Peter Berg has been chronicling modern American history in his last few films and this movie captures the events surrounding the 2013 Boston Marathon bombing. As the movie captures recent events there was a fine line to walk in the making of this movie between feeling insensitive and exploitive while aiming for a more respectful take on people's tragedy that exists for people still living with vivid memories. I wouldn't know what it was like to experience that sort of chaos and pain so I can't comment on how the movie felt for those who experienced it. I felt it was respectful and took a more historical approach though wouldn't agree to adding to the story of the cowardly brothers and their selfish, cruel act. 

The story follows several characters but primarily Detective Tommy Saunder (Mark Wahlberg) who was reprimanded for rough treatment of a suspect. He is forced to guard the finish line by Commission Ed Davis (John Goodman) as his one last hoop to jump through. Little does he know that he will be at the spot of history where tragedy suddenly erupts. He invites his wife Carol (Michelle Monaghan) to see him right where the bomb will be laid.

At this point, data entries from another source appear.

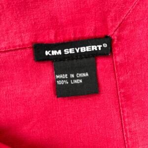 Kim Seybert Set of 12 Red Linen Napkins with Gold Running Stitch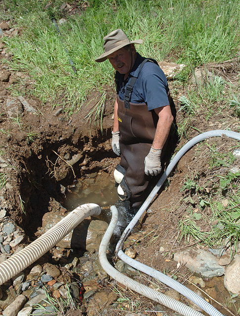 Here is my gold mining partner, Dan Repke working in a hole near the creek. He is using a 3" land based dredge.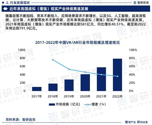 随着政策不断加码、资本不断投入、应用场景需求不断增长,以及5G、人工智能、超高清视频、云计算、大数据等技术不断突破,近年来我国虚拟(增强)现实产业持续高速发展。2021年我国虚拟(增强)现实产业市场规模达到581亿元,同比增长40.51%,截至到2022年将达到791.9亿元。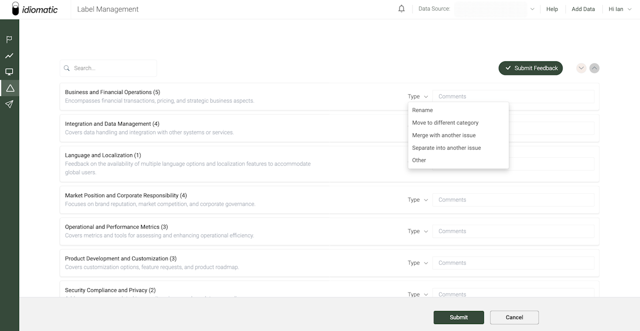 Custom Taxonomy: Idiomatic creates a tailored hierarchy of labels based on your data, organizing feedback into broad Categories and specific Issues. This structure helps track and analyze customer feedback effectively.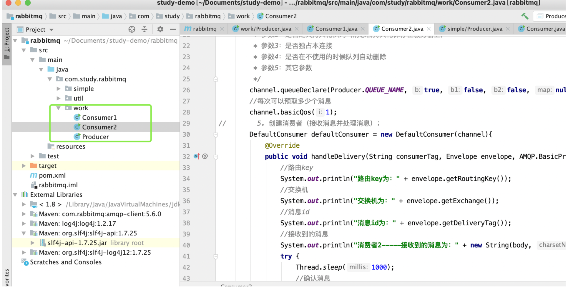channel.basicConsume(Producer.QUEUE_NAME,true,defaultConsumer);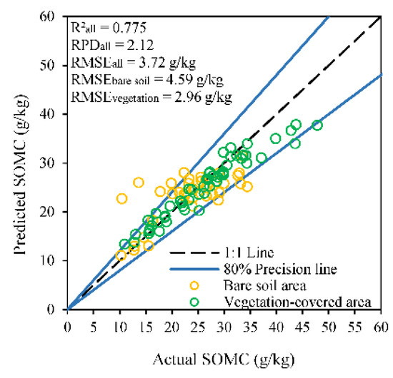 - The results show that the optimal SIs can be used to present the spatial distribution trend of SOMC and recognize SOMC levels. Based on the optimal SIs, the SOMC predicted by the model has a good linear relationship with the actual SOMC of samples. The R2, RMSE and RPD of the soil-vegetation combined prediction results are 0.775, 3.72 g/kg and 2.12, respectively.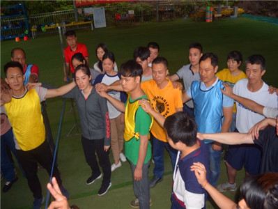 下午1:30教练安排的热身小游戏再一次激发了我们参与的热情。接着我们挑战了第二个活动项目--《智力电网》,此项目主要培养团队学员合理计划、统一行动意识及理念。经过激烈的比拼后“青春队”率先完成此活动项目。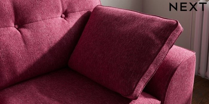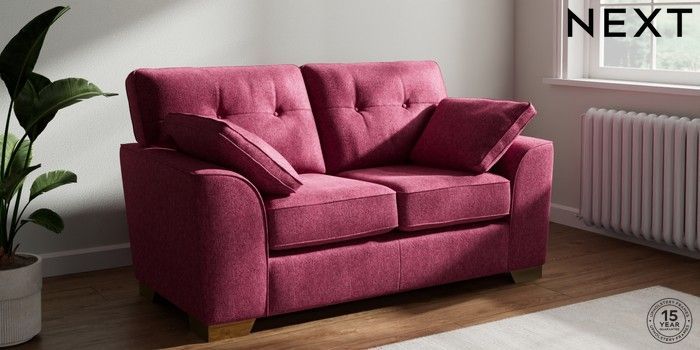 7.2.10 Stamford Buttoned Back 2 Seater Small Sofa Cotswold Chenille Dark Raspberry Pink Large Square Angle - Brushed Brass | Made Click here to use our website with more accessibility support, for example screen readers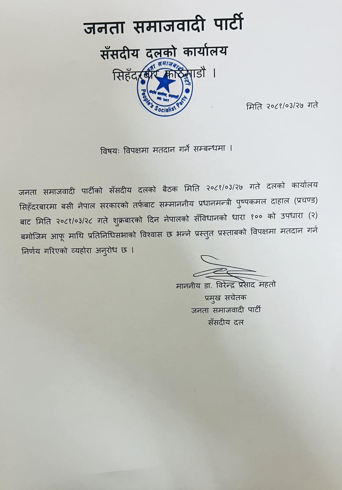 According to Chief Whip of JSP Dr Birendra Prasad Mahato, the meeting of the Parliamentary Party held on Thursday has decided to cast a vote of confidence against PM Prachanda on Friday.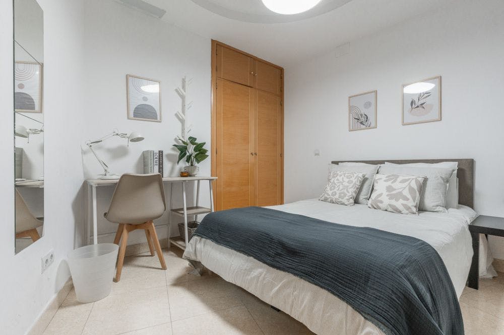 Beautiful flat in Madrid, located in Plaza de Santa Cruz A large 11 bedroom flat. Most of the rooms have balconies and 7 of them have an ensuite bathroom. There are, additionally, 2 shared bathrooms in the common areas. The flat has a fully furnished living room with a flat screen TV. It also has a fully equipped open kitchen with all the amenities you need to enjoy spending time with your flatmates.The neighbourhoood is located in the very centre of Madrid, and it's surrounded by many of Madrid’s most famous attractions: Puerta del Sol, Plaza Mayor, Palacio Real, Gran Vía, Fuencarral and much more. Around Plaza de Santa Cruz you will find several bars, restaurants and an endless amount of shopping options! It's also very well connected, here you can find Sol and Ópera metro stations. Sol is located in the very centre of Madrid and is surrounded by many of Madrid’s most famous hotspots. Within walking distance you will find the Plaza Mayor, Palacio Real, Gran Vía, Fuencarral and much more. Around the Plaza you have a huge entertainment area with several bars, restaurants and an endless amount of shopping options! Sol is also the home of the most popular metro station, with connections to the Renfe and many metro lines. Metro Sol – lines 1, 2 and 3 Metro Gran Vía – lines 1 and 5 Metro Callao – lines 3 and 5 Metro Opera – lines 2, 5 and R Renfe Train Station – lines 1 and 5 - Puerta del Sol - Gran Vía - Cine Ideal (English movie theatre) - Calle Fuencarral - Plaza Mayor - Palacio Real - Don't smoke - Pets are not allowed - Parties are forbidden - Take out the trash daily - Short-term visits are allowed - (hidden) informs that in this flat a device has been installed in order to allow the monitoring of the noise level (decibels) 24 hours a day. The system emits an alert whenever the sound level exceeds the maximum allowed by the Community of Madrid, mainly between 11pm and 6am. Interior room in Plaza de Santa Cruz Cozy interior room in a charming flat in the centre of Madrid. It has a double bed (135 cm), a built-in wardrobe, a bedside table and a desk. It also has a fully furnished private bathroom, its own lock and electric heating. It has a window with views to the interior courtyard of the building. The size of the room is 8 m2, perfect for young international workers and students. *Bedding is not included, only a mattress cover is provided. Please keep in mind that the amount requested in the "other additional costs" field refers to tenant assistance coverage....

The story also follows Jessica Kensky (Rachel Brosnahan) and her husband Patrick Downes (Christopher O'Shea) who go out for the day to watch the Red Sox and catch the runners crossing the finish line. The explosions are hard to watch and the gruesomeness of the scene is gritty and unrelenting. The aftermath sparks an investigation and manhunt that shuts down the whole city of Boston. 

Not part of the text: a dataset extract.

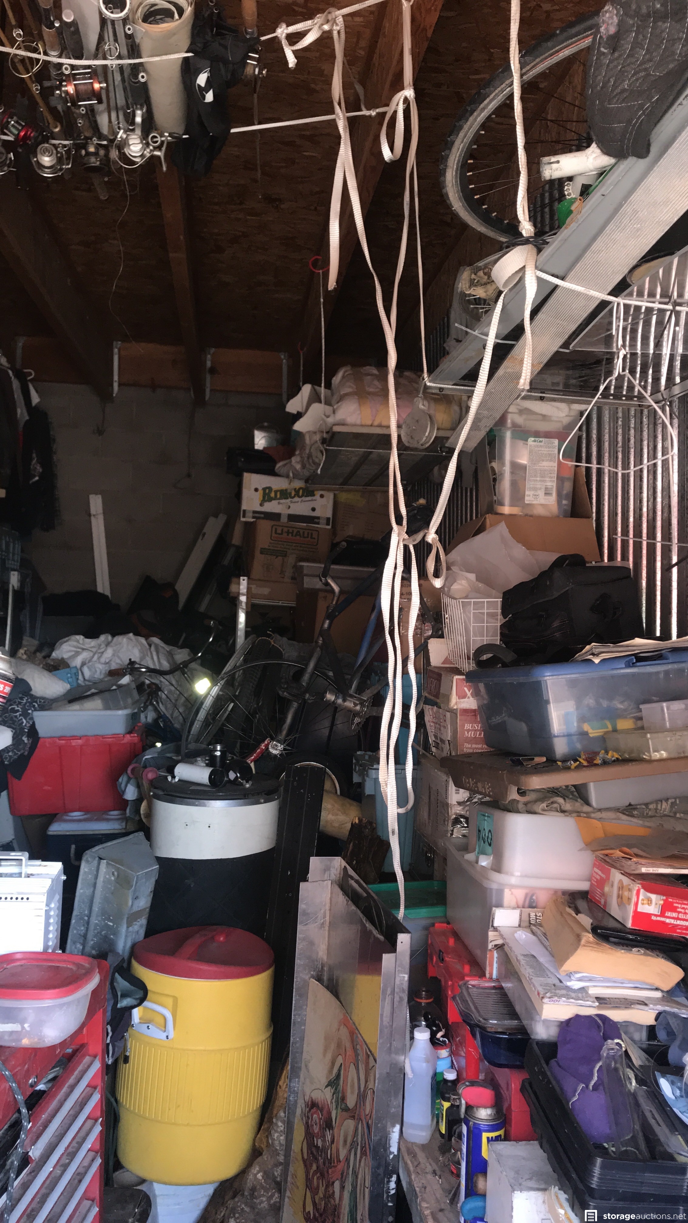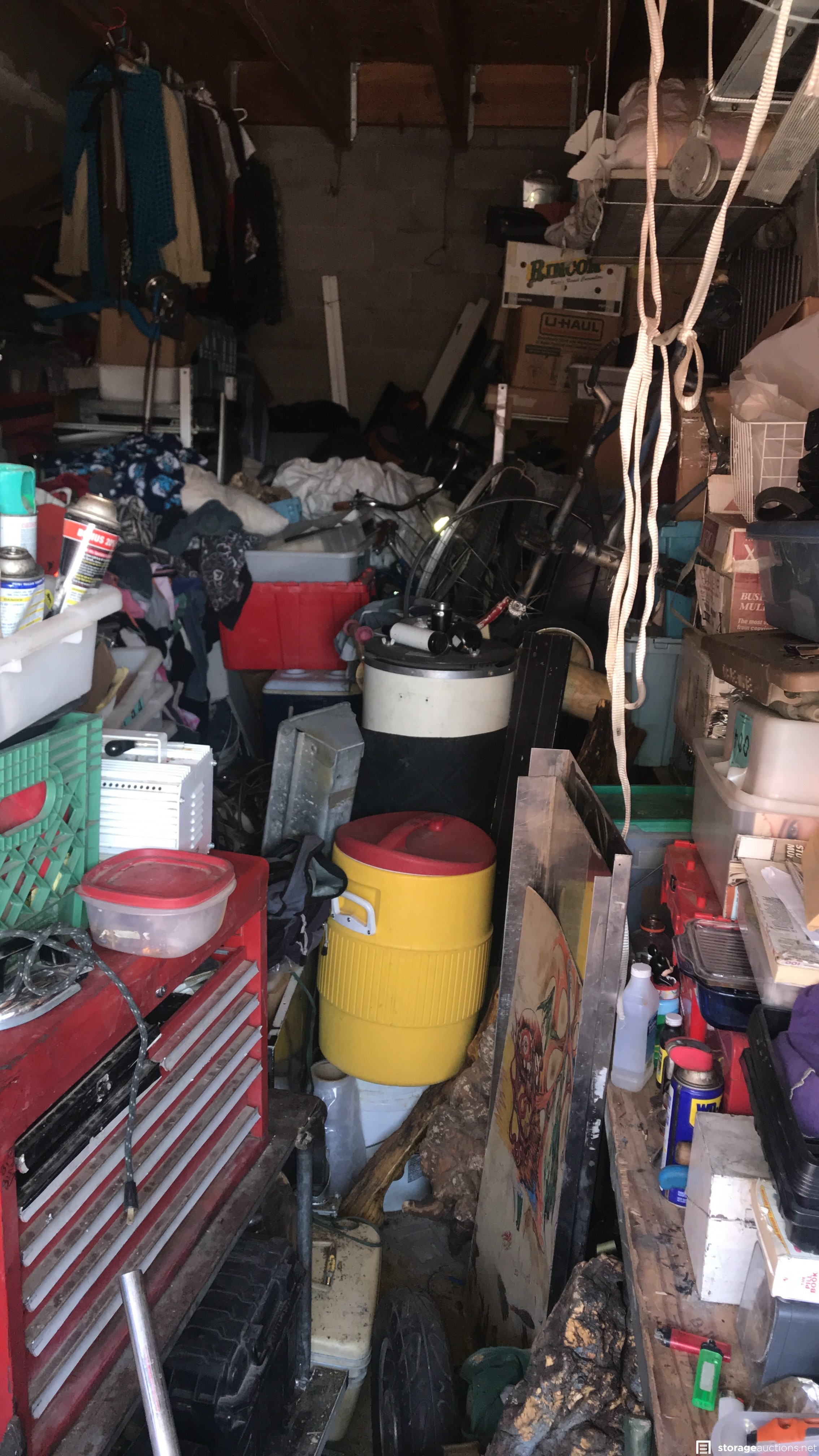 Auto parts, boxes, camping supplies, clothes, fishing equipment, hand tools, power tools, totes, crates, bike parts

Leading the investigation is Special Agent Richard DesLauriers (Kevin Bacon) who treads the line between tapping phones and violating privacy and respecting the American people and their rights. Set up in a warehouse, the FBI recreates the crime scene and scrutinizes security footage for any sign of the bombers. The story also follows the Tsarnaev brothers, Dzohkar (Alex Wolff) and Tamerlan (Themo Melikidze) as they leave their home, callously murder Officer Sean Collier (Jake Picking), and take hostage Dun Meng (Jimmy O. Yang) as they hijack his car. One of the most intense moments of the film was the shootout in Watertown, Massachusetts between the terrorist brothers and the police led by Sergeant Jeffrey Pugliese (J.K. Simmons).

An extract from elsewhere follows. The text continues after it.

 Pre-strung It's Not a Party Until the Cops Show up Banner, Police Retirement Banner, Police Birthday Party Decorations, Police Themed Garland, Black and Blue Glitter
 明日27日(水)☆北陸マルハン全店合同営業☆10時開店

I understand the controversy following the film and from the lack of box office success, it looks like audiences were not interested in reliving another tragic moment in American history. Unfortunately, these events happen far too often and I could barely remember the specific details though I followed the news stories four years ago. There is a powerful story however about the city rallying together and a great depiction of Boston Strong.